### What you need to do
Exact repetition, please: start with the line where "A must-have for" appears and stop after the final line of the records.

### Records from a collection
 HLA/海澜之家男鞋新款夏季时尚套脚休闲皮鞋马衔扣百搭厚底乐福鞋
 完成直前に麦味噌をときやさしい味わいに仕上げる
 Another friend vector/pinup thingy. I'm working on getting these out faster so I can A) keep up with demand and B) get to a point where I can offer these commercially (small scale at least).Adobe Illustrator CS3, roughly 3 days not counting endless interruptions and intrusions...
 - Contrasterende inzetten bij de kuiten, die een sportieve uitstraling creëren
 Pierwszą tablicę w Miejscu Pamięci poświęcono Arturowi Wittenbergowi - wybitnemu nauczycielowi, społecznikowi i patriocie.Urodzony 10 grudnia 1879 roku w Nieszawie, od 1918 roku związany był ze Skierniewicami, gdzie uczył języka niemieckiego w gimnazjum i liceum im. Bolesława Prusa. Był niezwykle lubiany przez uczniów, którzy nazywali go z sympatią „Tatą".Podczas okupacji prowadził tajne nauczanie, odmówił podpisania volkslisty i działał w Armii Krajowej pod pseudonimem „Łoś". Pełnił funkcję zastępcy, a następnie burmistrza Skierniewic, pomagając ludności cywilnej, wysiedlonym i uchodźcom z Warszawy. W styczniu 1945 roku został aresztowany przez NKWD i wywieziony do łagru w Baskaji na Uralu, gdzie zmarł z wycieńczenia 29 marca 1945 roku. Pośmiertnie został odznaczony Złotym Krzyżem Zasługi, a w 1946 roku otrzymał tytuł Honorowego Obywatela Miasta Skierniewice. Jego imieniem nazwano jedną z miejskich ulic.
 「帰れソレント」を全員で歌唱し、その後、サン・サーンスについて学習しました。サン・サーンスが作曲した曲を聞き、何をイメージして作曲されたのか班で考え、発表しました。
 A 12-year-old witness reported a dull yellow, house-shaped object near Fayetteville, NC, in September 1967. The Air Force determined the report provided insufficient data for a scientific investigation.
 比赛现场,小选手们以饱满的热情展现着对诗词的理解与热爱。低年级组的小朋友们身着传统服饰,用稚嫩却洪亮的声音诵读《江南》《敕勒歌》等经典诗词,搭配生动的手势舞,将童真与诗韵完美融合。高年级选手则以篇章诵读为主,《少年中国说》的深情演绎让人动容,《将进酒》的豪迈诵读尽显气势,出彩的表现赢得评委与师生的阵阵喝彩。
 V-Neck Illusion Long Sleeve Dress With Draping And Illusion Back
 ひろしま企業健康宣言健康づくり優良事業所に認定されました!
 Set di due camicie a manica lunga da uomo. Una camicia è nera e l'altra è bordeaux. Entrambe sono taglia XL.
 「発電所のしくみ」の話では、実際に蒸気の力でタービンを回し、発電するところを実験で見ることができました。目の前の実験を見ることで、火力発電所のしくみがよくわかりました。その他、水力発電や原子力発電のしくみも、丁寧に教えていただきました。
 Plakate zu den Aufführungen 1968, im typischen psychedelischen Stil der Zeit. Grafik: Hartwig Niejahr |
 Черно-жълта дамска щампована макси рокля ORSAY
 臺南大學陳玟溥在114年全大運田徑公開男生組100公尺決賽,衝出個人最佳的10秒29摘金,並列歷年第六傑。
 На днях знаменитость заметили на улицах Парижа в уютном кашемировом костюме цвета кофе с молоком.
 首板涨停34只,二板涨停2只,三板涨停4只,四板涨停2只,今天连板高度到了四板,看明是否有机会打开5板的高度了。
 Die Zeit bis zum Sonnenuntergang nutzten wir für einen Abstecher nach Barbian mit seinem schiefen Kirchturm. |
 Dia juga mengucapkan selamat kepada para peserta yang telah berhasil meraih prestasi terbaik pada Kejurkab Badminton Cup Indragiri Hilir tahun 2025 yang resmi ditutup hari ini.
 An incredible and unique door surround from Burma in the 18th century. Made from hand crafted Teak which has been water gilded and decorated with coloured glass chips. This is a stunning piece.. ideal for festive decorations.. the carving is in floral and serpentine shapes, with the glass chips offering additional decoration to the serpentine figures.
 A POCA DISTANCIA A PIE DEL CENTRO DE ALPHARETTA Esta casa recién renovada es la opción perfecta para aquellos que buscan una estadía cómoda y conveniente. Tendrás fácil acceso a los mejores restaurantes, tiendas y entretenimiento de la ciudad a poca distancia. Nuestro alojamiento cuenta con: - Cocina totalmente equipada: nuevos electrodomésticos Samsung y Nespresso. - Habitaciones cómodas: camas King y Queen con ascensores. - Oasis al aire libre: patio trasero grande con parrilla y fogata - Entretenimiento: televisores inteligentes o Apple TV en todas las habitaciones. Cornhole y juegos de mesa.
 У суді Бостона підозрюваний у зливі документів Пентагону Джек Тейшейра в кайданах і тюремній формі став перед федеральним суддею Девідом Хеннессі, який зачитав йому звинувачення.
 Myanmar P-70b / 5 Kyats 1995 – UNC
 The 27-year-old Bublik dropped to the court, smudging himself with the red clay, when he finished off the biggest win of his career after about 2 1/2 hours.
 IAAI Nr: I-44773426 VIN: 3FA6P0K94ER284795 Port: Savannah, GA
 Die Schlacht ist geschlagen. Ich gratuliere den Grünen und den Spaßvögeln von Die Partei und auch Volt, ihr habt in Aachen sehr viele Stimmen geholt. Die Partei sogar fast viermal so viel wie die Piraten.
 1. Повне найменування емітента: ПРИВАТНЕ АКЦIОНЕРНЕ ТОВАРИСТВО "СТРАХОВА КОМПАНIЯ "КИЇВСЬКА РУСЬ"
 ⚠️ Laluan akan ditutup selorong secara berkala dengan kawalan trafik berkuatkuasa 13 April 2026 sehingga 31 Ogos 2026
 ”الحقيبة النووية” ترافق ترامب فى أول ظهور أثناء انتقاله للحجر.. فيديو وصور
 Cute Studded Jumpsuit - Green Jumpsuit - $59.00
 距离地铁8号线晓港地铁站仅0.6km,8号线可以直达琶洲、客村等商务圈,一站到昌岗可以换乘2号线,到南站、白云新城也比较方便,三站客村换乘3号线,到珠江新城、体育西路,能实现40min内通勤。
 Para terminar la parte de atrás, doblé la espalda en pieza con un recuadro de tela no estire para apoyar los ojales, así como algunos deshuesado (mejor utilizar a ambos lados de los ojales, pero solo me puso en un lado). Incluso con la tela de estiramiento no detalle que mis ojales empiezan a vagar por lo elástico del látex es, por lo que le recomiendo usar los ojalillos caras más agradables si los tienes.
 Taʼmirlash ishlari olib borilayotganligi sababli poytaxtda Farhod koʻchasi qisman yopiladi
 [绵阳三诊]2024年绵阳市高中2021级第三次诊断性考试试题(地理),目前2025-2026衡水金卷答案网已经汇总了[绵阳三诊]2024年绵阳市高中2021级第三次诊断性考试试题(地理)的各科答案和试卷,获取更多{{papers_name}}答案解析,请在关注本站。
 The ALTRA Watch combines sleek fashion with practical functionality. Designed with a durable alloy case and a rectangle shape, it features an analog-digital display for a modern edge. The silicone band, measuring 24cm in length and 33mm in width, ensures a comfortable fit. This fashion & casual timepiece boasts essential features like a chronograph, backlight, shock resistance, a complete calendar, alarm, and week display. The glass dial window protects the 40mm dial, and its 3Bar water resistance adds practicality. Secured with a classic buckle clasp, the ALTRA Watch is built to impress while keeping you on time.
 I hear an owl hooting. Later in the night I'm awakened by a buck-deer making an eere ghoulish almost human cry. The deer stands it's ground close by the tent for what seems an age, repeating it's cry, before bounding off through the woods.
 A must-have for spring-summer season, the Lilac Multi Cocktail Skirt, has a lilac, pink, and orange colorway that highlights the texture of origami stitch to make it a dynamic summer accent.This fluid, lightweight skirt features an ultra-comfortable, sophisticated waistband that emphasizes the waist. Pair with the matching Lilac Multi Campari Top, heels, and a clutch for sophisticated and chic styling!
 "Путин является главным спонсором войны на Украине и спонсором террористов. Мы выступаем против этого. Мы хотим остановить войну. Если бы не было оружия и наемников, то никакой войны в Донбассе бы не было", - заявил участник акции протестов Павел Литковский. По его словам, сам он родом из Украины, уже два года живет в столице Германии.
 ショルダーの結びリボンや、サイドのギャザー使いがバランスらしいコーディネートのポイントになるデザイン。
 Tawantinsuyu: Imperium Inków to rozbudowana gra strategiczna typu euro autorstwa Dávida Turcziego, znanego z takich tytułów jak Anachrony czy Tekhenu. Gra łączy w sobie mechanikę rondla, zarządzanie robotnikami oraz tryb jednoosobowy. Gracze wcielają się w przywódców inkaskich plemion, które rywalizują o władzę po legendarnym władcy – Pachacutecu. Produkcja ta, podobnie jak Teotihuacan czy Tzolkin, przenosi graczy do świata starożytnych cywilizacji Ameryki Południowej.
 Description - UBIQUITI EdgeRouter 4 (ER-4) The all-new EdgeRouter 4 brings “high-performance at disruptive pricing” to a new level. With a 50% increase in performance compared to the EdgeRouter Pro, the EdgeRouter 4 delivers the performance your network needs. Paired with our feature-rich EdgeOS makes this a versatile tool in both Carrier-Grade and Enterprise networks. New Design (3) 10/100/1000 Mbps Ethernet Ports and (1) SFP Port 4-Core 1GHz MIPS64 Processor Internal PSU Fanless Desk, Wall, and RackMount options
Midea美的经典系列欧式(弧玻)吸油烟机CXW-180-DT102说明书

### Answer box
 A must-have for spring-summer season, the Lilac Multi Cocktail Skirt, has a lilac, pink, and orange colorway that highlights the texture of origami stitch to make it a dynamic summer accent.This fluid, lightweight skirt features an ultra-comfortable, sophisticated waistband that emphasizes the waist. Pair with the matching Lilac Multi Campari Top, heels, and a clutch for sophisticated and chic styling!
 "Путин является главным спонсором войны на Украине и спонсором террористов. Мы выступаем против этого. Мы хотим остановить войну. Если бы не было оружия и наемников, то никакой войны в Донбассе бы не было", - заявил участник акции протестов Павел Литковский. По его словам, сам он родом из Украины, уже два года живет в столице Германии.
 ショルダーの結びリボンや、サイドのギャザー使いがバランスらしいコーディネートのポイントになるデザイン。
 Tawantinsuyu: Imperium Inków to rozbudowana gra strategiczna typu euro autorstwa Dávida Turcziego, znanego z takich tytułów jak Anachrony czy Tekhenu. Gra łączy w sobie mechanikę rondla, zarządzanie robotnikami oraz tryb jednoosobowy. Gracze wcielają się w przywódców inkaskich plemion, które rywalizują o władzę po legendarnym władcy – Pachacutecu. Produkcja ta, podobnie jak Teotihuacan czy Tzolkin, przenosi graczy do świata starożytnych cywilizacji Ameryki Południowej.
 Description - UBIQUITI EdgeRouter 4 (ER-4) The all-new EdgeRouter 4 brings “high-performance at disruptive pricing” to a new level. With a 50% increase in performance compared to the EdgeRouter Pro, the EdgeRouter 4 delivers the performance your network needs. Paired with our feature-rich EdgeOS makes this a versatile tool in both Carrier-Grade and Enterprise networks. New Design (3) 10/100/1000 Mbps Ethernet Ports and (1) SFP Port 4-Core 1GHz MIPS64 Processor Internal PSU Fanless Desk, Wall, and RackMount options
Midea美的经典系列欧式(弧玻)吸油烟机CXW-180-DT102说明书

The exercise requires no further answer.